Nel caso delle Disgrazie d’Amore la linea melodica si intreccia al testo con le innumerevoli
modalità suggerite dalla vivacità del libretto dello Sbarra. Queste vanno, in un continuo fluire, dal
recitativo sillabato a quello arioso, dalla declamazione melodica al vero e proprio recitar cantando,
fino al canto completamente spiegato delle Arie.
La sicurezza compositiva con cui vengono tracciati i personaggi è esemplare. Facendo sfoggio
dell’ampio vocabolario musicale dell’epoca, fatto di alcune forme stereotipate, ma ricchissimo di
sfumature, Cesti ci consegna un vero gioiello di teatro musicale.
La partitura, unico manoscritto presso la Österreichische Nationalbibliothek di Vienna, presenta
pochissime indicazioni circa la realizzazione delle parti strumentali e nessuna, come di consueto,
circa la realizzazione del basso Continuo.
Per la ripresa moderna, è stato quindi necessario risolvere non pochi problemi per ricostruire le
condizioni nelle quali l’Opera fu data nel carnevale del 1667.

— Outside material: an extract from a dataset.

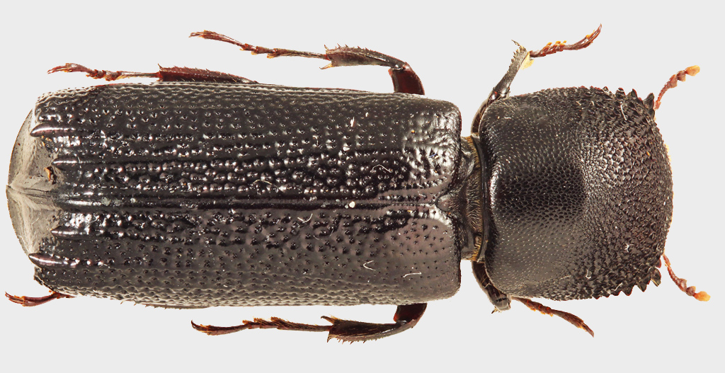 Questo bestione (16 mm) è arrivato alla luce a Ipassa; ne ho alcuni altri simili, anche leggermente più grandi. Viste le antenne, non sono sicuro che sia un Platypodinae: non ho mai approfondito la sistematica di queste sottofamiglie e credo di confonderli ancora con gli Scolytinae (nelle scatole di materiale gabonese li ho messi insieme).

Partendo da alcuni dati storici sulla composizione dell’orchestra di Corte dell’Imperatore Leopoldo
si è optato per una strumentazione quanto mai ricca per il basso continuo: clavicembalo, tiorba,
arpa, organo, viola da gamba e violoncello.

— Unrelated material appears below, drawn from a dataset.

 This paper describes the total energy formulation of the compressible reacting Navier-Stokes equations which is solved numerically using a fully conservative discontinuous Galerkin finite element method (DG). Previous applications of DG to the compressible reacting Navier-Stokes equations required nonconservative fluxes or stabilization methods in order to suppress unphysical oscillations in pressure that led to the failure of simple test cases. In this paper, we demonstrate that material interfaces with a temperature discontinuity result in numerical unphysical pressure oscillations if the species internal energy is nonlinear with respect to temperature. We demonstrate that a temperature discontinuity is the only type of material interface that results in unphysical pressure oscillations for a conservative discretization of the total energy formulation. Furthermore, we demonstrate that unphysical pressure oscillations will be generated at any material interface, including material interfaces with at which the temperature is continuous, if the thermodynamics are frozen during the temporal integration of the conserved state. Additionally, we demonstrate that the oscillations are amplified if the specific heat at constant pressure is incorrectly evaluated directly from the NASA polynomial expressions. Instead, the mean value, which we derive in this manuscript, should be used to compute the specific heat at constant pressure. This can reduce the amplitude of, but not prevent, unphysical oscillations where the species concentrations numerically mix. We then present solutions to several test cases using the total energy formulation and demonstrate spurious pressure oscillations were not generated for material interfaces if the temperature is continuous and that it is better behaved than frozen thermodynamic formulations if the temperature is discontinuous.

Le combinazioni possibili fra questi strumenti (armonici e non) nella realizzazione dei lunghi
recitativi, permettono di affrontare con maggiore varietà espressiva le diverse situazioni affettive e
drammaturgiche.
Le parti strumentali, le sinfonie all’inizio degli atti e i ritornelli che accompagnano ed incorniciano
alcune parti vocali, sono realizzate da Cesti con cinque pentagrammi, che ne indica i relativi
strumenti solo in due punti: Viole nella parte centrale di un’aria di Amore (A che porto a fianco
l’armi – Atto I scena 5a) e Violini in un’aria di Amicizia (Festeggia, festeggia – Atto III scena 3a).
La presenza di Violini, Viole da braccio e Viole da gamba nell’orchestra di corte di Leopoldo ci ha
quindi guidato nello strumentare le varie parti scegliendo di volta in volta di mescolare gli archi da
braccio con quelli da gamba, o trattandoli come consort separati.

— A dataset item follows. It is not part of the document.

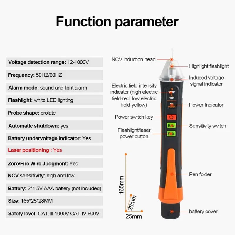 Wide Voltage Range: Capable of detecting voltage in the range of 12-1000V AC/DC, making it versatile for both household and industrial use.

Un breve discorso a parte meritano i balletti: nella partitura Cesti indica solo i punti in cui si devono
eseguire il Ballo dei Ciclopi (fine Atto I) e il Ballo delle Scimmie (fine Atto II)… Senza fornirne la
musica!
Il fatto di citare semplicemente un certo tipo di danze senza inserirvi la musica, era abbastanza
consueto all’epoca. La musica in questi casi era spesso di altri autori o semplicemente uno standard
utilizzato per diverse occasioni.
Nel caso delle Disgrazie d’Amore, il Ballo dei Ciclopi e il Ballo delle Scimmie si trovano in una
raccolta di musica da ballo di J.H. Schmeltzer (espressamente citati come eseguiti nel febbraio del
1667), ma realizzati con due soli pentagrammi, come se fossero da eseguire al solo clavicembalo.
Abbiamo quindi provveduto a realizzarne una versione a 5 parti che ci sembra più omogenea con gli
altri interventi strumentali e che ci ha permesso di alternare soli e tutti nelle varie ripetizioni.